Le texte explique aussi :

« Les installations d’élimination de déchets industriels, qu’il s’agisse de décharges ou de centres d’incinération et de détoxication, suscitent souvent la méfiance des habitants les plus proches. L’affaire des déchets de Seveso a soulevé une très vive émotion dans l’opinion publique et avivé l’inquiétude des riverains de ces installations. » (circulaire du 22 juillet 1983 du Ministère de l’Environnement).
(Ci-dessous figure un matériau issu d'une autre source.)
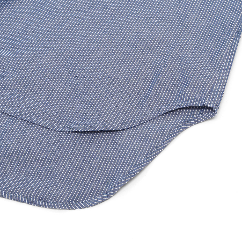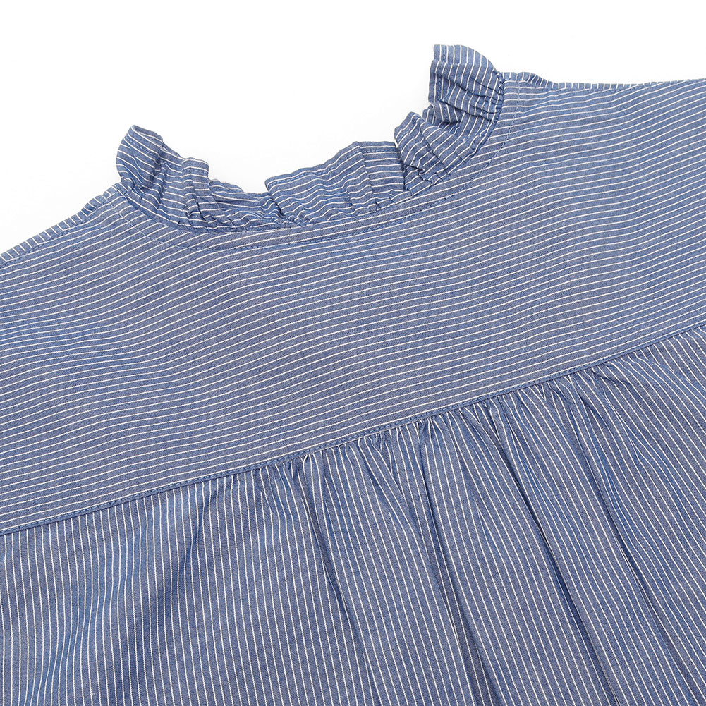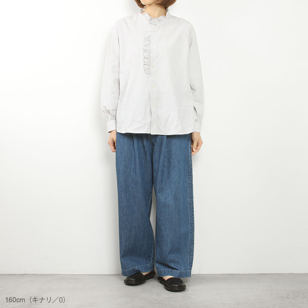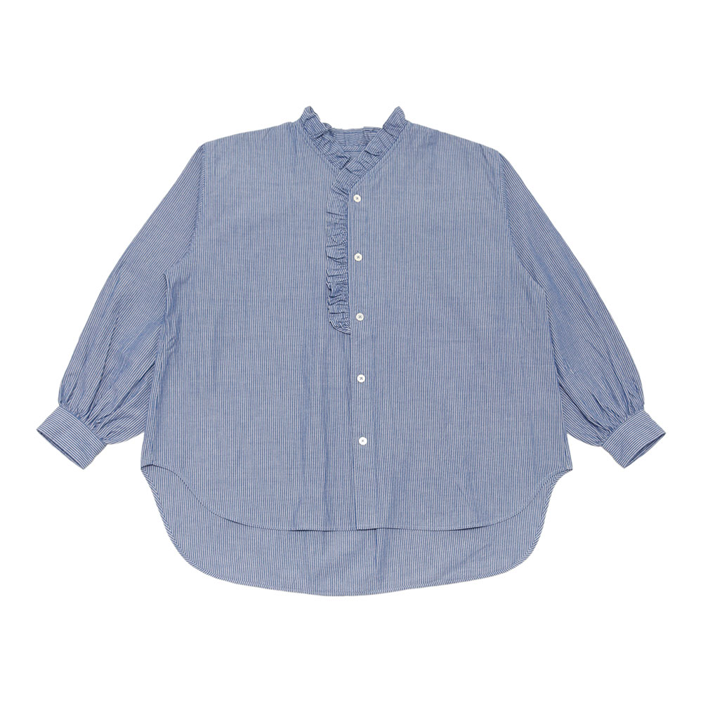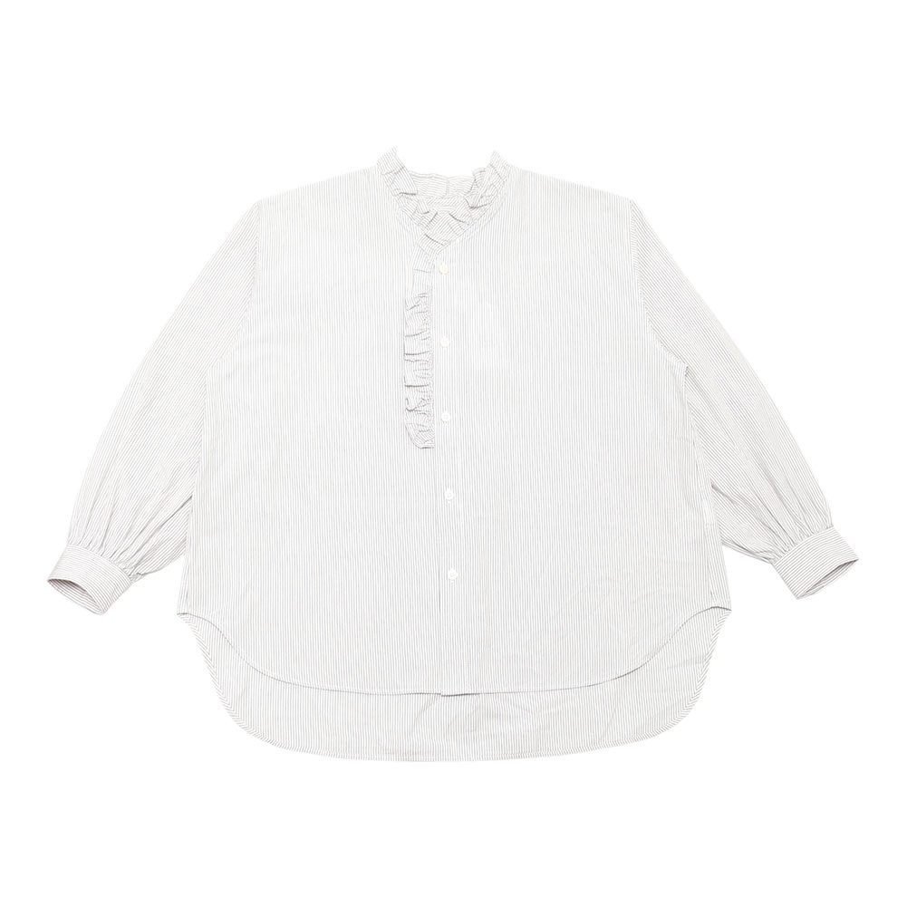 ストライプ柄が爽やかなVネックフリルシャツ。

La question de la confiance entre les différents acteurs en présence est ainsi au cœur de la préoccupation de cette circulaire. Parmi les solutions évoquées pour une meilleure information, la ministre encourageait la mise en place de dispositifs particuliers d’information. C’est un peu plus tard que la loi de 1992 va donner le cadre et le contenu précis à ce type de commission :

« Ce droit [à l’information] consiste notamment en la création, sur tout site d’élimination ou de stockage de déchets, à l’initiative soit du représentant de l’Etat, soit du conseil municipal de la commune d’implantation ou d’une commune limitrophe, d’une commission locale d’information et de surveillance composée, à parts égales, de représentants des administrations publiques concernées, de l’exploitant, des collectivités territoriales et des associations de protection de l’environnement concernées; le représentant de l’Etat, qui préside la commission, fait effectuer à la demande de celle-ci les opérations de contrôle qu’elle juge nécessaires à ses travaux, dans le cadre de la présente loi ou de la loi no 76-663 du 19 juillet 1976 précitée; les documents établis par l’exploitant d’une installation d’élimination de déchets pour mesurer les effets de son activité sur la santé publique et sur l’environnement sont transmis à la commission; les frais d’établissement et de fonctionnement de la commission locale d’information et de surveillance sont pris en charge par le groupement prévu à l’article 22-4, lorsqu’il existe ; en cas d’absence d’un tel groupement, ces frais sont pris en charge à parité par l’Etat, les collectivités territoriales et l’exploitant. » (Loi du 13 juillet 1992).

Le décret du 30 décembre 1993 définit les modalités de fonctionnement d’une CLIS. Les membres d’une Commission Locale d’Information et de Surveillance (CLIS) sont nommés par arrêté du Préfet du département. Comme le texte d’introduction de la circulaire de 1983 l’explique déjà, une CLIS n’a d’intérêt, et, dans les faits, n’a d’existence, que par rapport à son lien à une  » installation classée  » particulière. Le préfet seul a le pouvoir d’étendre les compétences d’une CLIS à une ou plusieurs installations classées. Le décret de 1993 prévoit le rôle de la CLIS et ses capacités d’expertise (article 8), le type de document qui doivent être rédigées pour satisfaire le droit à l’information du public ainsi que leurs modalités de consultation (articles 2, 3 et 4), la composition de la CLIS (article 5 et 6). Son mode de financement est présenté dans l’article 3-1 de la loi de juillet 1992.

Il est à noter que la loi s’inspire donc de structures déjà existantes qui ont émergé localement, dans les contextes particuliers qui les ont suscités. Ce mouvement d’encadrement par le législateur accompagne ainsi les réalités locales, les encourage et les facilite.